Aim of the task:
Your output should be the lines below from the one with "Sofa with wooden" through the one with "Składany stół bistro", copied exactly, pictures excluded.

Supplied data:

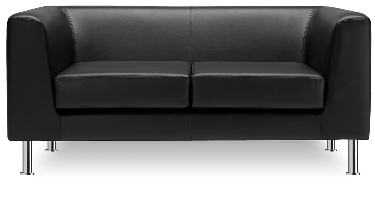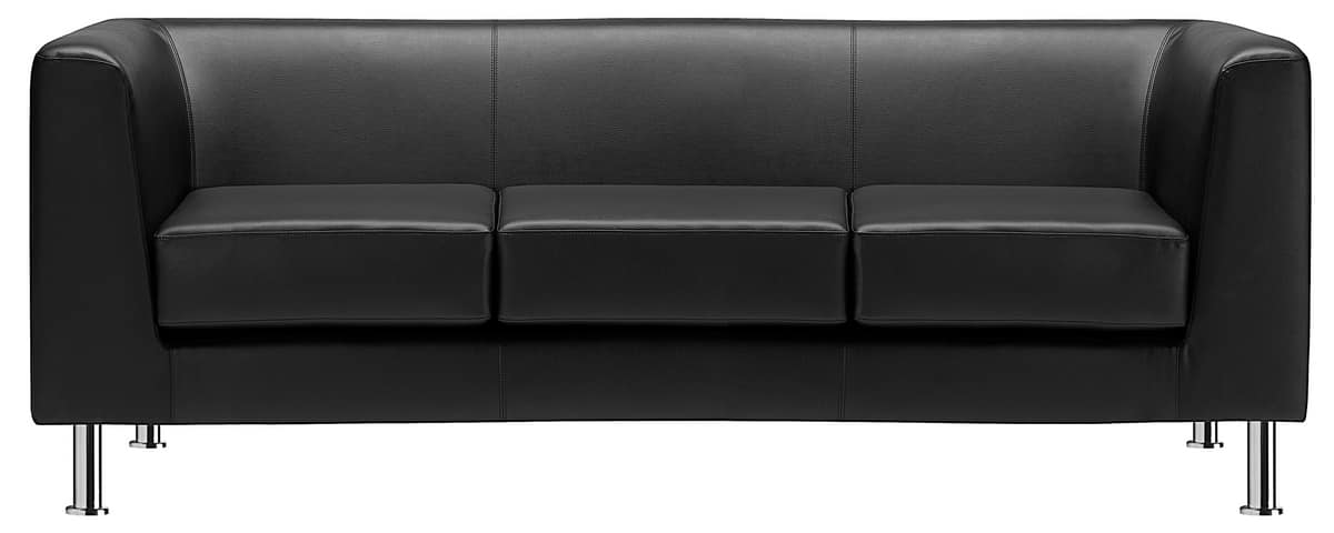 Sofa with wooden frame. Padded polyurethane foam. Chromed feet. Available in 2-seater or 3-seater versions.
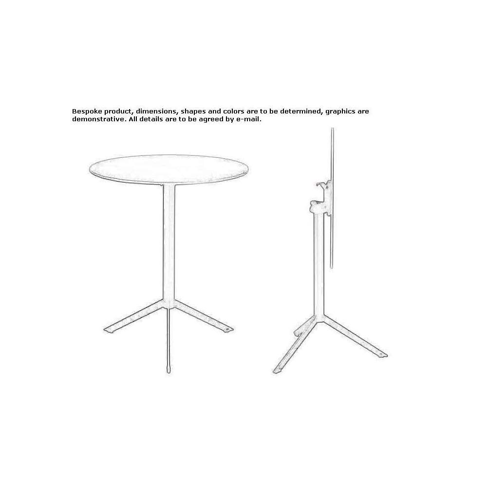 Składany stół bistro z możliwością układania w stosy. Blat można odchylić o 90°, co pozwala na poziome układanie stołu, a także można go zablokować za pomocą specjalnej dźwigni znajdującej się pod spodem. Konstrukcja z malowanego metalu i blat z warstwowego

---

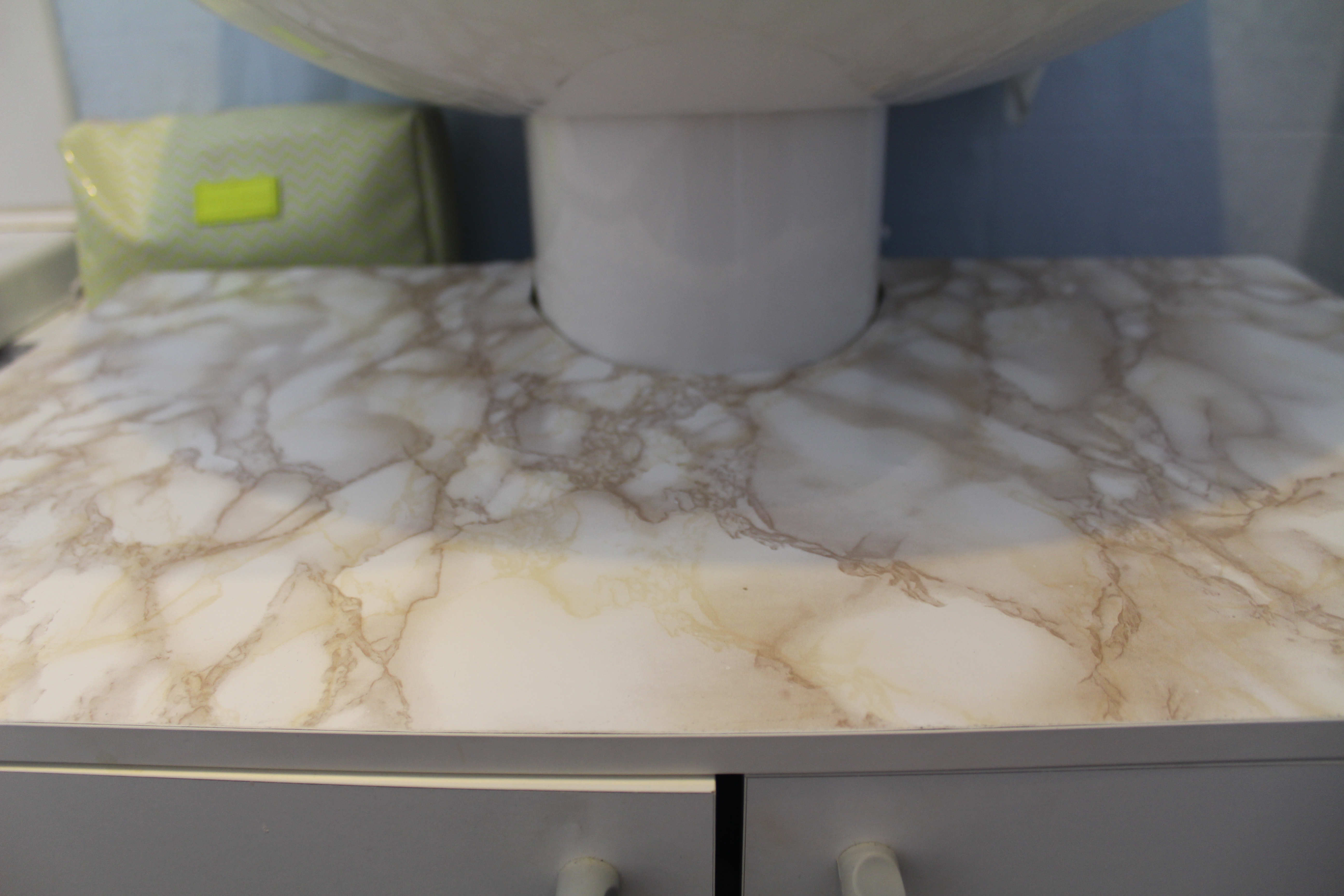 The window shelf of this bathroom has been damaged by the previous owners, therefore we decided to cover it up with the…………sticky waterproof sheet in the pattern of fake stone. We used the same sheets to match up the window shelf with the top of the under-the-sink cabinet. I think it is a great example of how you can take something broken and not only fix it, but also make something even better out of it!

Result:
 Sofa with wooden frame. Padded polyurethane foam. Chromed feet. Available in 2-seater or 3-seater versions.
 Składany stół bistro z możliwością układania w stosy. Blat można odchylić o 90°, co pozwala na poziome układanie stołu, a także można go zablokować za pomocą specjalnej dźwigni znajdującej się pod spodem. Konstrukcja z malowanego metalu i blat z warstwowego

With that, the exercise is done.